Data excerpt:
[Start of section]
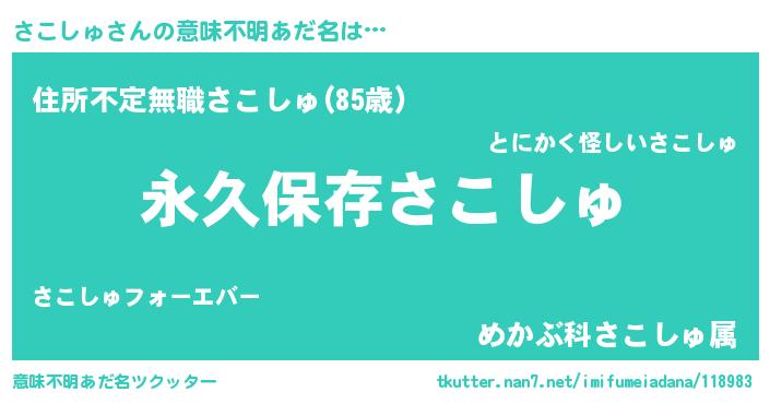 | 胡散臭い通販商品みたいなあだ名 | 『来世でも幸せになれる健康食品…その名も「さこしゅ」』 |
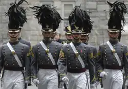 Spring parade dress consists of cadet grey swallow-tail coats with 21-gold buttons, a standing collar, white trousers, and black shakos (known as a "tarbucket hat" in U.S. Army nomenclature). Winter parade dress is similar to spring parade dress, though trousers are colored cadet gray instead of white. This same uniform is worn without the black shakos hat and with the gray or white peaked service cap depending on the season when not parading but still required for formal events. For evening formal events, no headgear is worn.[20]
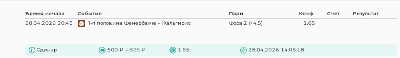 Фора 2 (8.5). 1-я половинаСтавка: 500
[End of section]
Task description: Reproduce the data above exactly, leaving out any picture in it.

Result:
 | 胡散臭い通販商品みたいなあだ名 | 『来世でも幸せになれる健康食品…その名も「さこしゅ」』 |
 Spring parade dress consists of cadet grey swallow-tail coats with 21-gold buttons, a standing collar, white trousers, and black shakos (known as a "tarbucket hat" in U.S. Army nomenclature). Winter parade dress is similar to spring parade dress, though trousers are colored cadet gray instead of white. This same uniform is worn without the black shakos hat and with the gray or white peaked service cap depending on the season when not parading but still required for formal events. For evening formal events, no headgear is worn.[20]
 Фора 2 (8.5). 1-я половинаСтавка: 500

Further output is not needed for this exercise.